А потом отец начнёт тосковать, потому что у завода, куда он устроится слесарем, закончится и госзаказ, и зарплата. «Работать на дядю» ему будет противно, и тесно станет в «панельной конуре», и совсем некстати полетят от бабки Анны телеграммы — о давлении, о том, что амбулаторию насовсем закрыли, что леспромхоз вконец развалился, и о том, что даже Сорокины собирают манатки, а ей и ехать-то некуда, и дом никому не продашь. И мама снова будет кричать и плакать. И выливать пиво в раковину, и хлестать отца полотенцем, когда тот встанет на голову прямо в их крохотной прихожей, чтобы доказать, что он «как стекло». Пройдёт всего полгода, и мама сама купит отцу билет на самолёт…

Спустя месяц после его отъезда Милка тоже начнёт тосковать. Не нуждаясь ни в книжках, ни куклах, она забросит игры с детской мебелью, с мягкими слоном и котом, и частенько её будут заставать за странным занятием — она будет просто скользить по комнате под музыку, которая слышится из квартиры снизу, где живёт молодая разбитная девица.

И тогда мама решится отвести её на танцы…

IV

…Горячева, известная во всём городе хореограф, повернула к ним обеим, застывшим на пороге, точёную, как у Нефертити голову и прокаркала на весь зал:

— О! Какая клуша! Поздно вам уже, поздно, говорила же! — подошла ближе. — Ну, показывайте, чего она может, клушка ваша?

Милка, ради смотрин одетая в белую футболку, чешки и шортики, покружилась, отличила марш от польки, сделала мостик, легко встала во все пять позиций. Танцевать хотелось.

Горячева крякнула:

— Мышцы негодные, гипотонус. Но выворот хорош и ритм чует. Ладно! Ищите мальчика. Без пары точно не возьму. И вот ещё что, — она резко наклонилась к Милке. — На завтрак-то чего сегодня ела? Макароны, небось?

Милка удивилась. Вытаращилась на горячевский тонкий, круто изогнутый нос. На завтрак была лапша — домашняя, плоская, сначала обжаренная до треска и кофейного цвета на сухой сковородке, а уж потом сваренная в ковшике, и сверху — волнистый кусочек масла, тающий, текучий…

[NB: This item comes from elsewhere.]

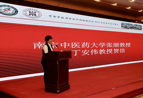 南京中医药大学张丽教授宣读了资深炮制专家南京中医药大学丁安伟教授的贺信,带来了老炮制人对中药炮制分会发展的关怀。
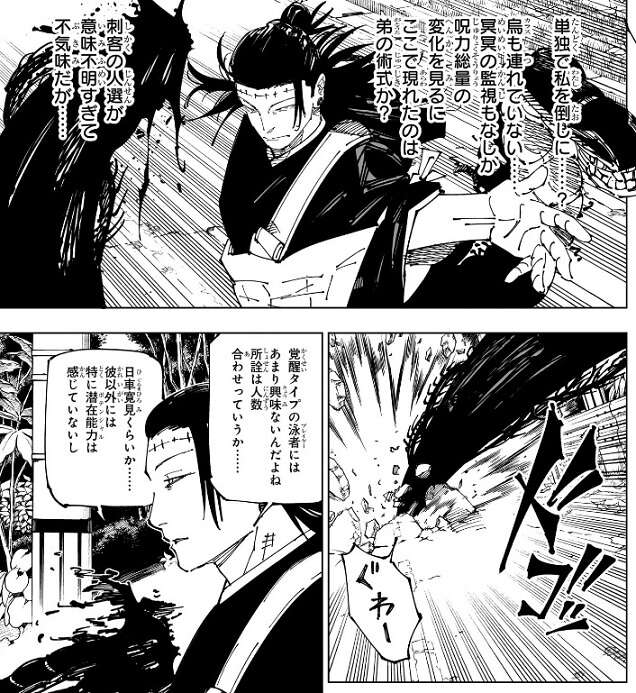 羂索は新宿も監視しているので、髙羽が単独で羂索を倒しに来たのは間違いないようですが、冥冥の烏も連れておらず、刺客の人選が意味不明で羂索は不気味に感じています。髙羽が突然岩手県に現れたのは、やはり憂憂の術式によって空間移動してきたようです。羂索にとって覚醒タイプのプレイヤーは人数合わせの存在のようなもので、日車寛見以外にはポテンシャルを感じていないようです。つまり羂索は髙羽の術式「超人(コメディアン)」を知らないようですが、とりあえず呪霊で攻撃し、髙羽もまともに攻撃をくらっています。

Милка сглотнула, а Горячева коротко и удовлетворенно дёрнула головой:

— Точно, макароны. И с маслом, и с сыром. На тёрочке который. Вы, маман, пожалели бы клушку свою.

Мама, всё это время так и стоявшая у дверей, нахмурилась и в итоге холодно ответила:

— Благодарю, Маргарита Фёдоровна. Я вас услышала.

Готовил каждый день и кормил Милку всё равно дедушка. А дедушка у нас кто? А повар он у нас. Профессионал, потому, считай, волшебник.

В общем, мальчика искать не стали, через полгода Милка органично вписалась в школьный фольклорный ансамбль. Ложки-трещотки, частушки-колядки, голые локотки и палец на пухлой щёчке. Коса, расшитый крупными бусинами и стеклярусом кокошник, сарафан. Колорит!

Саму школу Милка никогда особо не любила, но училась ровно и старательно, оценки зарабатывала бесконечной зубрёжкой, читала мало и очень выборочно, ни планшета, ни приставки у неё отродясь не было и восторгов одноклассников по поводу очередных «Angry Birds» она не понимала. Из предметов уважением прониклась только к биологии, штук десять альбомов изрисовала всякими тычинками и инфузориями, но в кружке ИЗО продержалась недолго, Дмитрий Алексеич честно сказал матери: «Не вижу перспектив».

Из подруг постоянной осталась лишь грубоватая Василина, дочка директора детского центра. Васька не израсталась вверх, как большинство пухлых девочек, а делалась с годами крупнее, мощнее, тарахтела, как трактор, ненавидела свой лицей и очень хотела лабрадора, как у президента. Милке она явно завидовала: и школа у той обычная, и с Грэем можно много гулять. В итоге для Васьки-Василины именно эти прогулки и стали отличной причиной смотаться из дома.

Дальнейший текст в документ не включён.